Fahrettin Altay

Fahrettin Altay ( born January 12, 1880 in İşkodra, Albania, † October 25, 1974 in Emirgan, Istanbul) was an Ottoman officer of the rank of colonel and Turkish general.

Fahrettin Bey was the son of Ismail Bey and Hayriye Hanim from İşkodra (today Shkodër ). After his military training in Istanbul confidante Mustafa Kemal served from 1904 in the 4th Ottoman Army in eastern Anatolia, which he regarded as exile, as the regime of Sultan Abdulhamid II suspected him of liberal positions. After the seizure of power by the Young Turks in 1908, he remained in this position and led a punitive expedition against the Kurds of the Dersim region (see the later Dersim uprising ), which was part of a campaign against a number of ethnic minorities, with the new rule were dissatisfied.
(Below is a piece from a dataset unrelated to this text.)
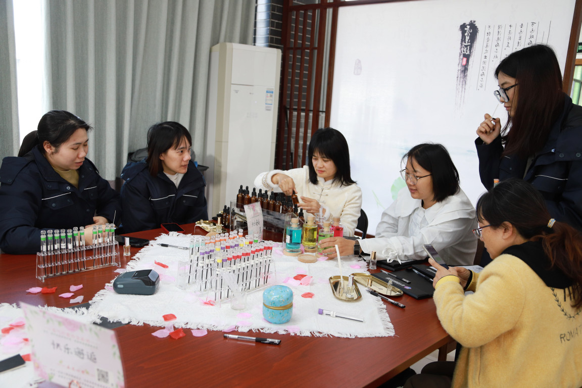 一小时后,每人都调出了专属于自己的味道,轻轻一喷,无压力的互动让“同事”升级为“队友”,也让她们解锁了“闻香识情绪、调香愈身心”的新技能。

Fahrettin Altay stayed busy in his military career with the Kurdish question.

At the fame he got as commander of the 5th Cavalry Corps, which fought in various battles of the Turkish War of Independence. He achieved his greatest success during the famous Battle of Dumlupınar, when he managed to break through the Greek lines and thereby cut off the numerically superior enemy forces of supply and communication. At subsequent chaotic retreat of the Greeks, he succeeded in its General Nikolaos Trikoupis capture. The result of this battle is seen as the beginning of the trigger of the Greek troops from Asia Minor.

Fahrettin Altay in honor of the new main battle tank of the Turkish armed forces Altay was called.